Defense lawyer Ron Morris said Watson’s testimony likely swayed the jury.
“I think Cari Watson cost us this case,” Morris said outside the court, after the jury’s decision. “I think she turned on Mr. Haines for whatever reason. I think that hurt.”
Watson testified that Haines called her from Ontario, wanting to put money into her bank account, and later said he would be getting a lot of money once he was freed from jail.
She said Haines wouldn’t tell her the whole story about the beer because he was concerned her telephone had been tapped by the police.
Only about 14,000 of the distinctive Spanish-labeled stolen cans have been recovered, many of them along rural roads outside Fredericton.

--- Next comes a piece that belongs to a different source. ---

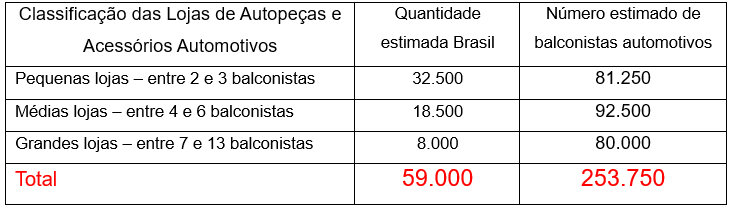 No Brasil atualmente são cadastradas e ativas aproximadamente 52.000 lojas de autopeças e 7.000 de acessórios, com conceito tradicional – balcão e atendimento ao público. Estima-se ainda mais 1.000 lojas que operam com sistema misto – balcão e self-service em corredores.

At one point the Moosehead company, based in Saint John, capitalized on the worldwide publicity generated from the case by selling a “Beer Heist Tour ’04” T-shirt at its outlets.
There have been no other arrests in the heist, but Crown prosecutors believe Haines didn’t act alone in the robbery.
RCMP Sgt. Gary Cameron told reporters Tuesday that police plan to charge anyone found in possession of the beer.
Morris isn’t convinced.
“I think they got one guy and the only way they’ll find any more beer is if they go to a beach party somewhere,” he said. “I really feel that it will be the end of the investigation.”
Haines will remain in custody until sentencing March 7.